Yet Another Switch-Case Syntax Proposal

Steven D'Aprano steve at pearwood.info
Wed Apr 2 21:06:06 EDT 2014


On Thu, 03 Apr 2014 08:50:47 +1100, Chris Angelico wrote:

> On Thu, Apr 3, 2014 at 1:53 AM, Lucas Malor <3kywjyds5d at snkmail.com>
> wrote:
>> For example, in a "switch x" statement, the code "case iterable: " is
>> identical to "if x in iterable: " (or elif etc). So if you want to
>> perform the same case block for more than one value, you have only to
>> specify a tuple, a range etc. I would suggest to add an exception for
>> non-iterable variables, so that you don't have to write "case var, : "
>> but simply "case var: " and it will be identical to "if x == var: ".
>> It's a bit tricky but the alternative is ugly.
>>
>>
> This is sounding like a nasty special case. I'm ambivalent on the
> overall proposal (want to see some real-world usage examples and how
> they read), but I don't like the "iterable vs non-iterable" distinction.

If we're going to add "switch" and "case" keywords, how about we also add 
"of"? Then we can write:

switch x case of a, b, c:
    # x equals one of a, b or c
case of d, e, f:
    # x equals one of d, e or f
case in g, h, i:
    # g, h and i must be iterable, and x is in one of them
else:
    # none of the above match


That means we can cleanly match the common use-case where we want to 
match something by equality, comparing against a list of 1 or more 
(usually) scalar values:

case of 1, 2, [23, 42], 99:
    assert x == 1 or x == 2 or x = [23,42] or x == 99

while also supporting the more complex case where we're matching against 
one or more sequences:

case in (1, 2, 99), [23, 42]:
    assert x == 1 or x == 2 or x = 99 or x == 23 or x == 42


Of course, in practice the second case is likely to be given dynamically, 
not as literals:

case in LIST_OF_KEYWORDS:
    ...


Another option is to say that the cases being tested ought to be quite 
small in number. If you're trying to do this:

case in range(100000000):
    ...

you're doing it wrong. That being the case, we only need to match by 
equality:

case 1, 2, 3:
    assert x == 1 or x == 2 or x == 3

and can write this when we want to match against a sequence or iterator:

case *LIST_OF_KEYWORDS:
    ...


and on the rare occasion we want to match against substrings, we can 
build a wrapper class:

class Wrapper:
    def __init__(self, value):
        self.value = value
    def __eq__(self, other):
        return other in self.value

case Wrapper("Hello world!"):
    # matches if x is a substring of "Hello world!"

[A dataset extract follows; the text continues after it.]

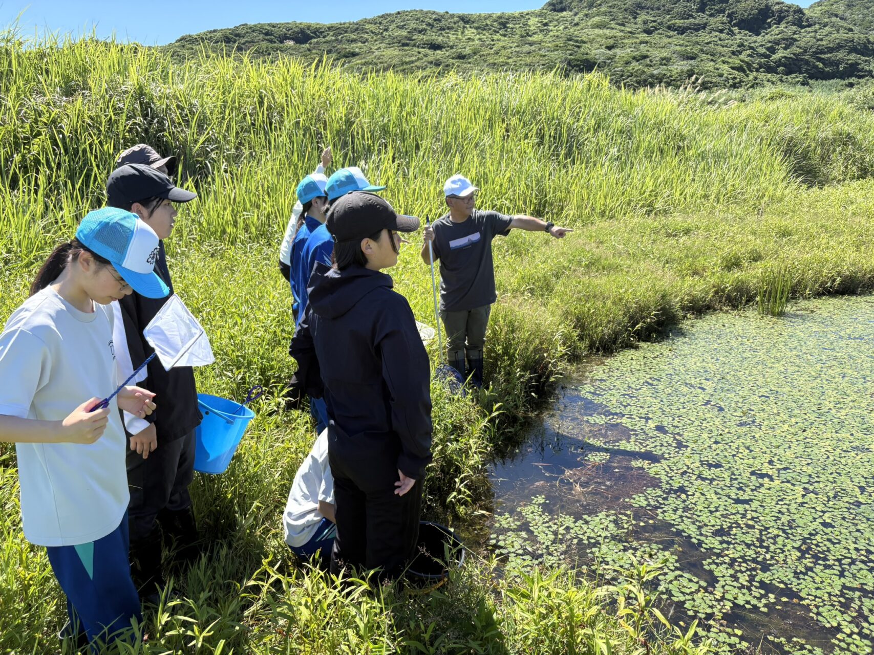 その後、実際に野外に出て、島内3カ所で、水生生物や植物などを採取し、中原さんから、詳しい説明を受けました。

But what's the advantage here? Since Python is not a static-typed 
language, it's unlikely that there are any compile-time optimizations 
that can be performed here. If there are any run-time optimizations that 
a JIT optimizing compiler like Python can perform, it probably can 
perform them just as well on a series of if...elif. So I'm not sure I see 
what having special syntax for a switch-case statement gives us.